Your task:
In the data below, the copy begins at the line containing "12.新 推理能力 跨" and runs through the last line; repeat those lines exactly, minus the pictures.

##############################

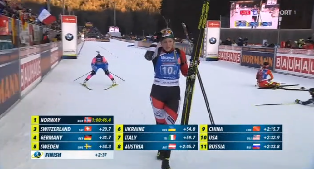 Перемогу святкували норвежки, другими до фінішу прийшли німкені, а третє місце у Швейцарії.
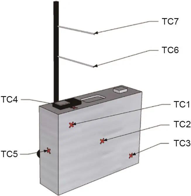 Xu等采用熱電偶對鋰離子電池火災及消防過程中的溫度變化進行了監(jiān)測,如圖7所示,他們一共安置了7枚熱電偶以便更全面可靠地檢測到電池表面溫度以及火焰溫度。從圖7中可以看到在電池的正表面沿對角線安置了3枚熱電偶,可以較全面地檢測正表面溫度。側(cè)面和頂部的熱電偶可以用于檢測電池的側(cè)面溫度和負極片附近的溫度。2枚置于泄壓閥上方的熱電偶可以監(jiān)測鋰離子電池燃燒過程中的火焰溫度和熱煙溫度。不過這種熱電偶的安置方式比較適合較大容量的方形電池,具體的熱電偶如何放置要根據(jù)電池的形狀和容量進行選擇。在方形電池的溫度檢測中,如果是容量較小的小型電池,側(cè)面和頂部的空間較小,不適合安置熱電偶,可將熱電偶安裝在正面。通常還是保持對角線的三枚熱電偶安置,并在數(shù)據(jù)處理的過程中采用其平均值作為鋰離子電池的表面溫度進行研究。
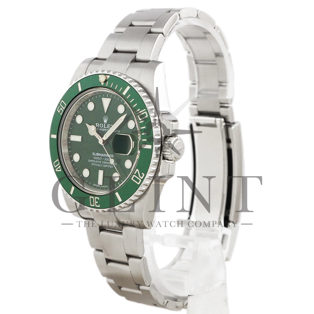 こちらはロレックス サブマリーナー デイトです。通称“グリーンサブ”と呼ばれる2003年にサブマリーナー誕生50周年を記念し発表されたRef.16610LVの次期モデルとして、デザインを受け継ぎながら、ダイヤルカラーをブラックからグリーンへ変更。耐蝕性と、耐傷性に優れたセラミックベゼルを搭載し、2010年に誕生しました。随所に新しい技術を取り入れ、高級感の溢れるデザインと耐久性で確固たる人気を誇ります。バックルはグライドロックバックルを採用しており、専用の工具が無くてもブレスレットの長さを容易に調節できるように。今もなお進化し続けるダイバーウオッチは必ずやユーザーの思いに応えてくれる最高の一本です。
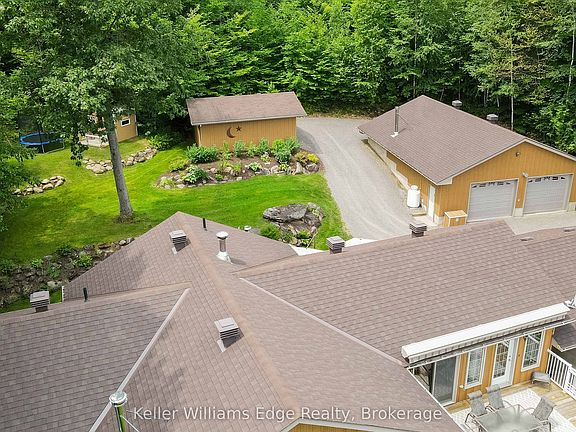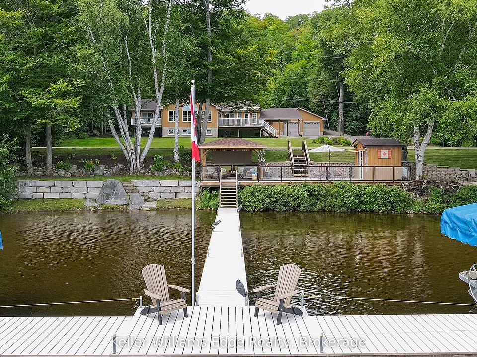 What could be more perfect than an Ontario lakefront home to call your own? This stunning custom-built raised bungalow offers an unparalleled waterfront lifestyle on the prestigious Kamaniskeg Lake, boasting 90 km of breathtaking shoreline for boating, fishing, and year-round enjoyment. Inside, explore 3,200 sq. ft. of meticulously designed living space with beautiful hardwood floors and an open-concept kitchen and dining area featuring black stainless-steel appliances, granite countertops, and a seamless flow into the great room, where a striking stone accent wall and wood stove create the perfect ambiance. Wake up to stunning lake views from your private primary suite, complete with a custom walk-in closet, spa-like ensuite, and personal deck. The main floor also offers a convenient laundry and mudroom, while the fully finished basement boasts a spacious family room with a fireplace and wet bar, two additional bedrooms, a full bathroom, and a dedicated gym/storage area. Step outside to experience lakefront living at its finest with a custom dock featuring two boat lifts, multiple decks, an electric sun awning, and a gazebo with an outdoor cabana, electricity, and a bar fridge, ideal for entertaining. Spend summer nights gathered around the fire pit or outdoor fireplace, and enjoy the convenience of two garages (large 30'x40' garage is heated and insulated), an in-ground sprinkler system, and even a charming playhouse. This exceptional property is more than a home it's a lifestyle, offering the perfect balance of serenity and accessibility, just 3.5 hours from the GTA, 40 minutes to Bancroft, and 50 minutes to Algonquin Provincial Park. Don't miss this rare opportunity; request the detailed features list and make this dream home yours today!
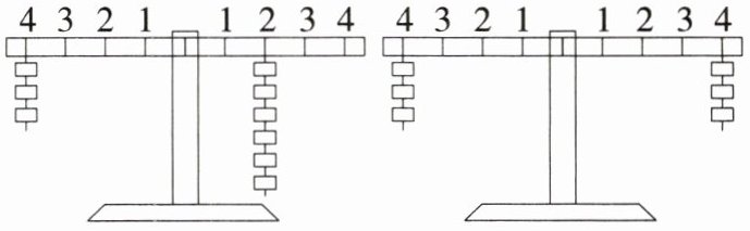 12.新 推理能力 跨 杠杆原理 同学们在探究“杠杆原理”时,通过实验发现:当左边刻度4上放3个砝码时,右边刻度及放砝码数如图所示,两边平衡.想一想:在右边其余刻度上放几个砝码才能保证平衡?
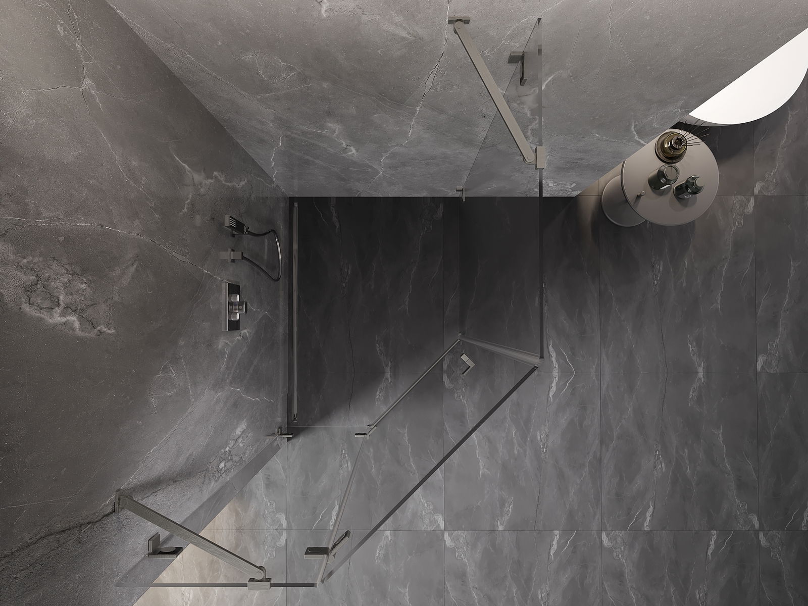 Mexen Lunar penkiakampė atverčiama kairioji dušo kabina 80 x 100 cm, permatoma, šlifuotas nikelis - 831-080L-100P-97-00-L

##############################

Your solution:
 12.新 推理能力 跨 杠杆原理 同学们在探究“杠杆原理”时,通过实验发现:当左边刻度4上放3个砝码时,右边刻度及放砝码数如图所示,两边平衡.想一想:在右边其余刻度上放几个砝码才能保证平衡?
 Mexen Lunar penkiakampė atverčiama kairioji dušo kabina 80 x 100 cm, permatoma, šlifuotas nikelis - 831-080L-100P-97-00-L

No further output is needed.